Autoradiography of "oval cells" appearing rapidly in the livers of rats fed N-2-fluorenylacetamide in a choline devoid diet.


Autoradiographic analysis of liver sections from rats fed the hepatocarcinogen N-2-fluorenylacetamide (FAA) in a choline devoid (CD) diet suggests that proliferating small "oval" cells arise from a few small portally-situated cells, and spread rapidly across the entire liver lobule. Small cells with detectable grains are first located where liver plates meet the portal areas. This cell type gradually increases in number over a 10-12 day period, then proliferates rapidly.
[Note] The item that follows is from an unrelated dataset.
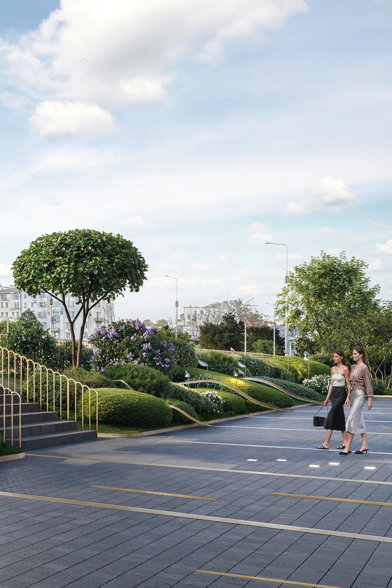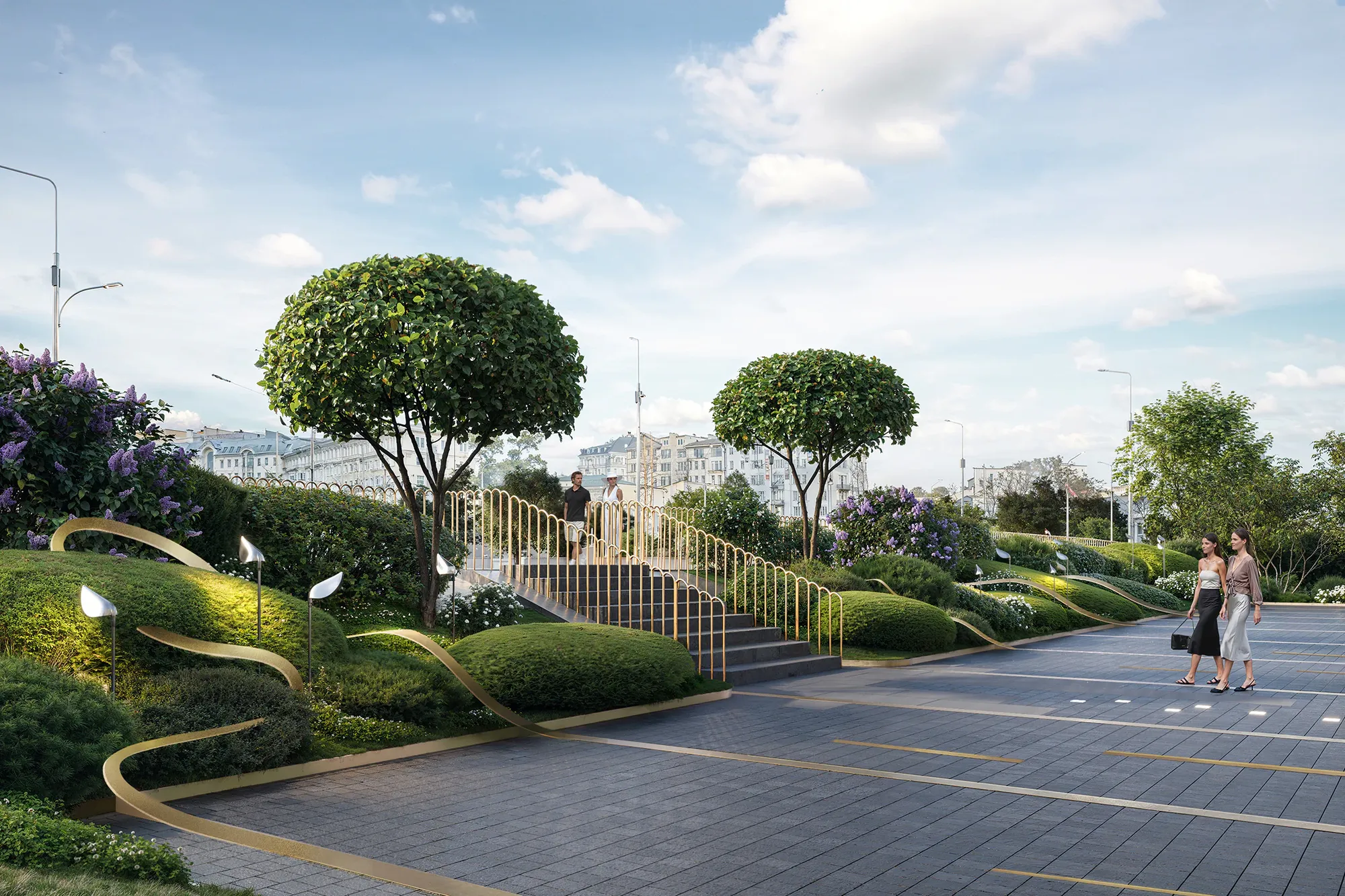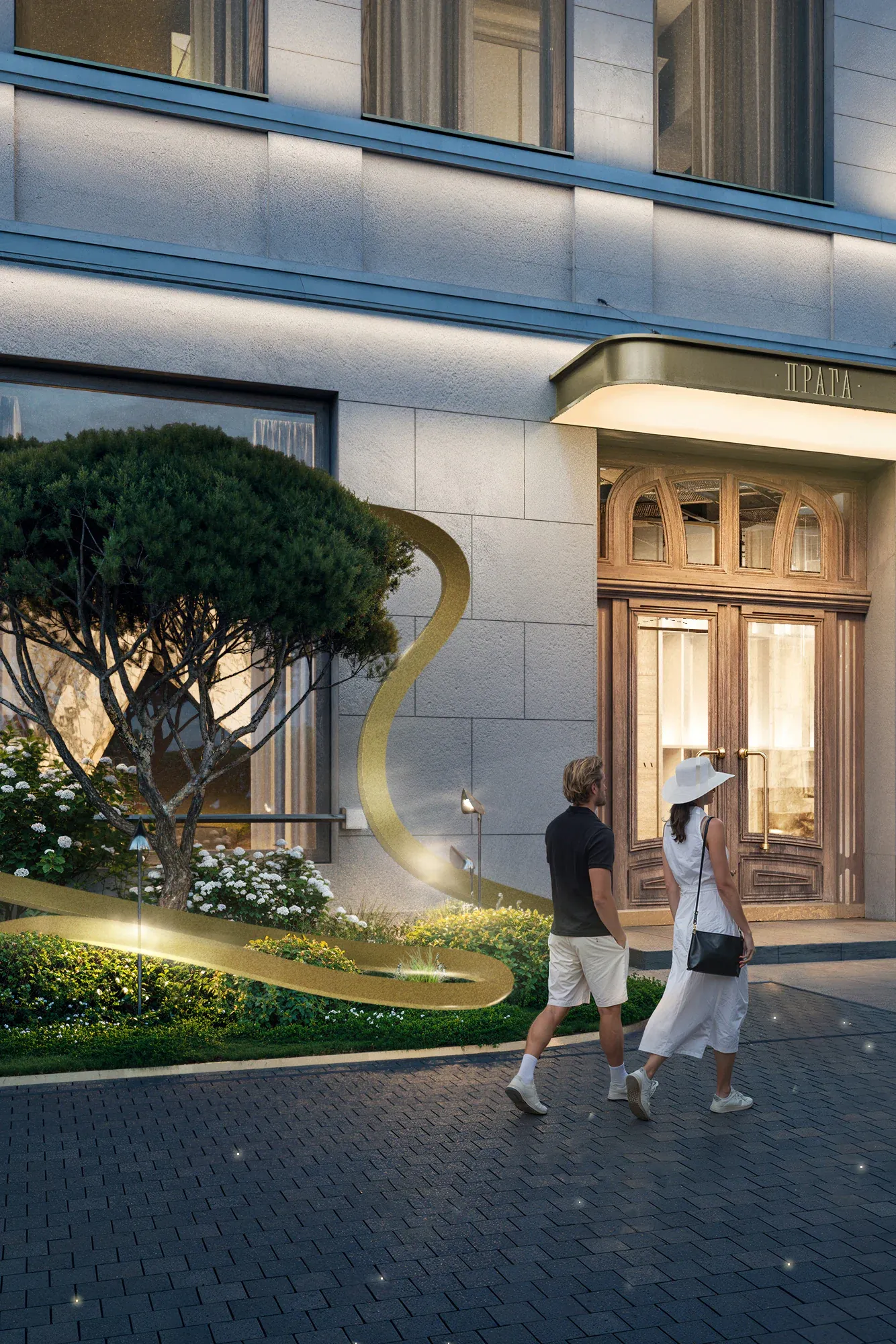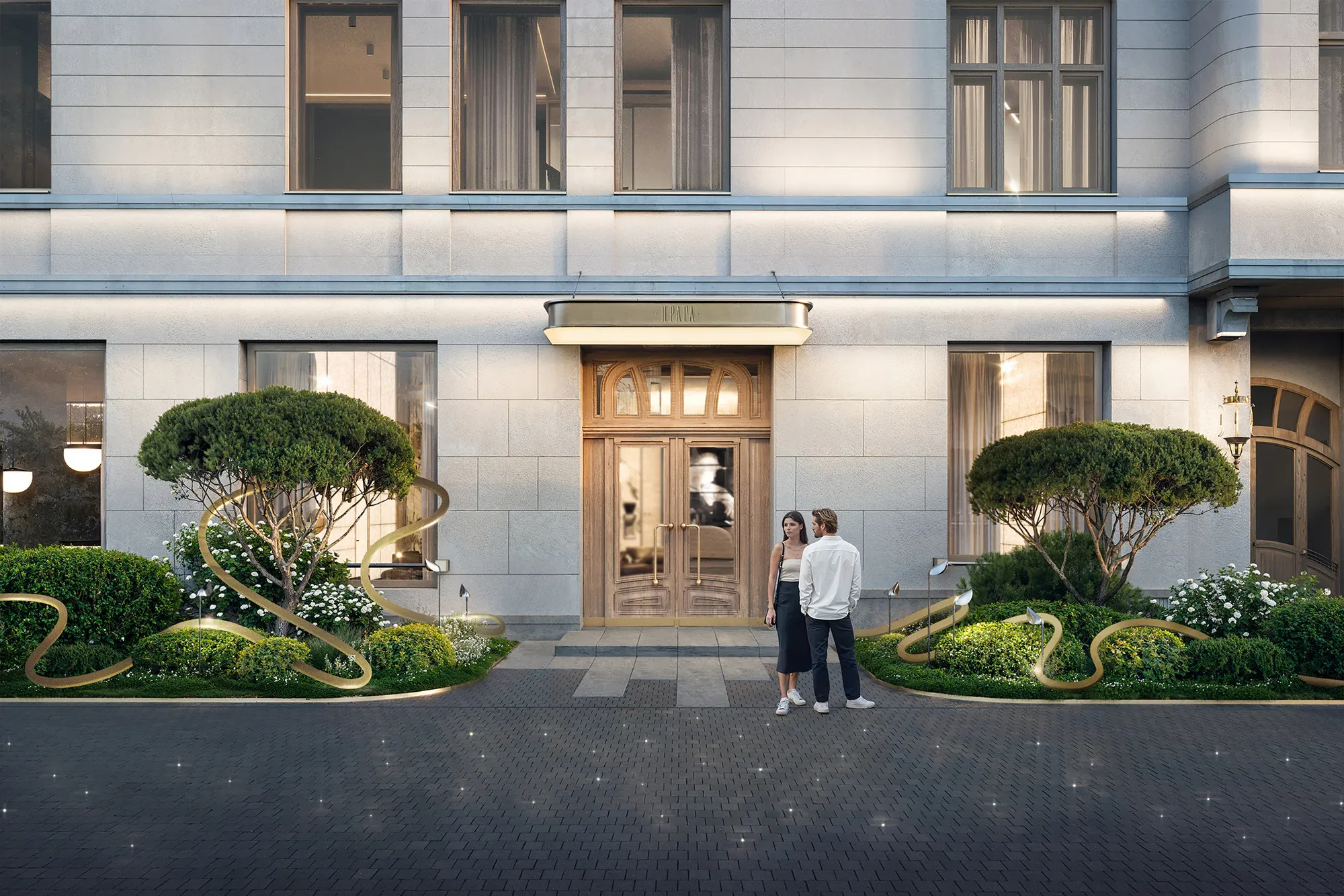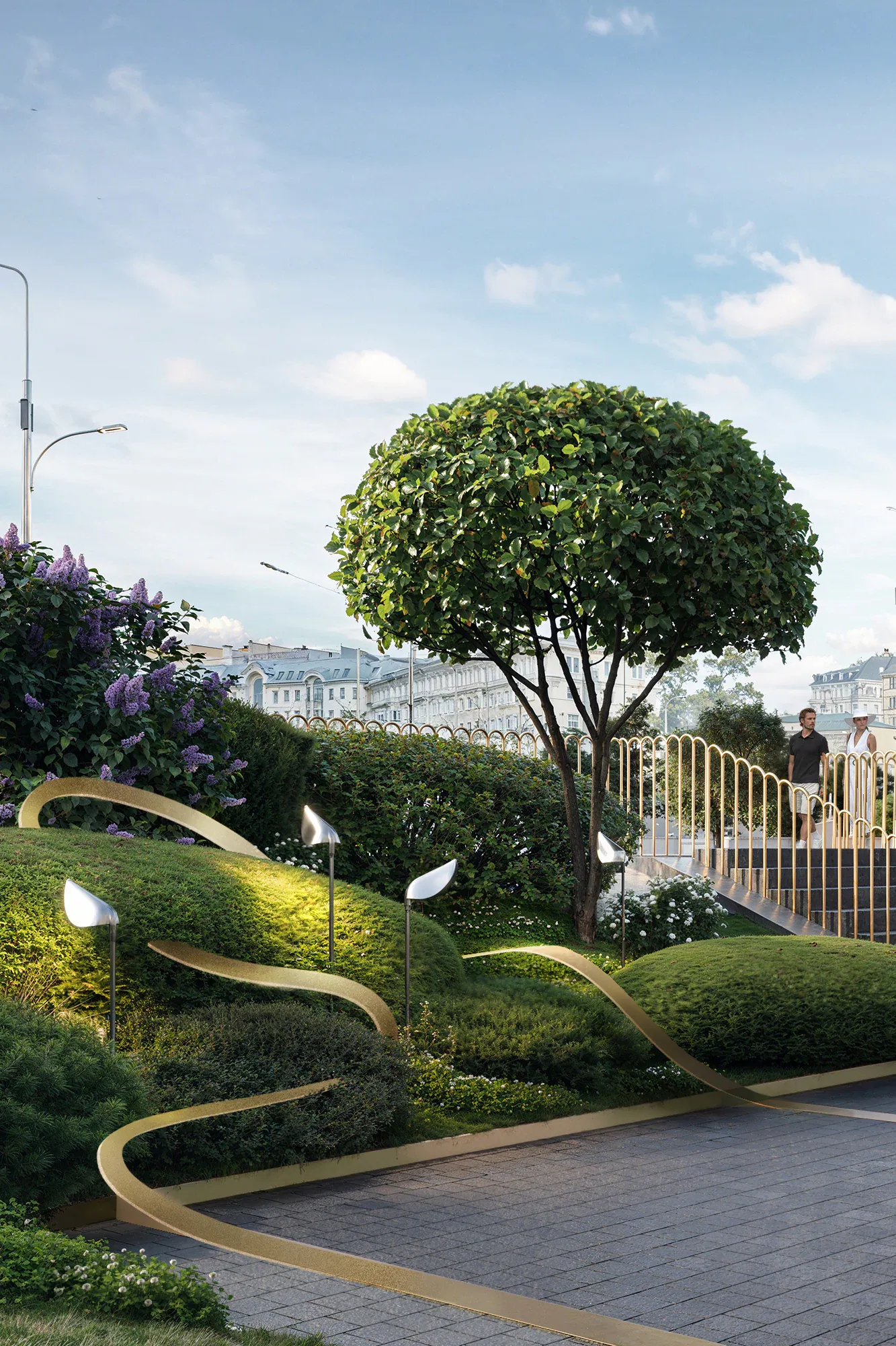 Сад стал результатом глубокого погружения в историю места: мы изучали архитектурное наследие Арбата и реконструкции ХХ века. Именно здесь в 1872 году находился знаменитый трактир «Прага», а в 1978 году одноимённый ресторан, в котором был изобретён культовый торт «Птичье молоко» — первый и единственный запатентованный десерт СССР. Мы также изучали работы главного архитектора Алексея Гинзбурга, который восстанавливал облик ресторана. Это позволило сформировать стилистическую основу благоустройства — бережное обращение с эпохой, выраженное в деталях: кирпичные вставки с годом основания и фамилией архитектора. Такая практика распространена в старых городах Европы. Латунь, заимствованная из интерьеров лобби отеля, стала лейтмотивом сада — она появляется в разметке парковочных зон, светильниках-тюльпанах, деталях малых форм и арт-объектах, вдохновлённых творчеством чешского живописца Альфонса Мухи.

After 28 days, microscopic nodules consisting of heavily labeled large eosinophilic cells appear, whereas residual hepatocytes are not labeled. Combined immunofluorescent and autoradiographic labeling studies reveal that many of the small cells contain AFP; approximately half of the alpha-fetoprotein-containing cells are labeled with [3H]thymidine (dT). Feeding CD-FAA diets to rats with hepatocytes prelabeled with [3H]dT after 70% hepatectomy 7 weeks earlier provides data which suggest that small "oval" cells do not arise from prelabeled hepatocytes but, instead, infiltrate the prelabeled hepatocytes during the diet induced proliferative phase. We conclude that "oval" cells arise from a small number of portal cells, not from hepatocytes. Exact identification of the oval cell precursor is not possible, but it could be a "stem" cell. Although hepatocyte-like properties are found in small cells (e.g., albumin staining), there is no evidence that they differentiate into normally functioning hepatocytes.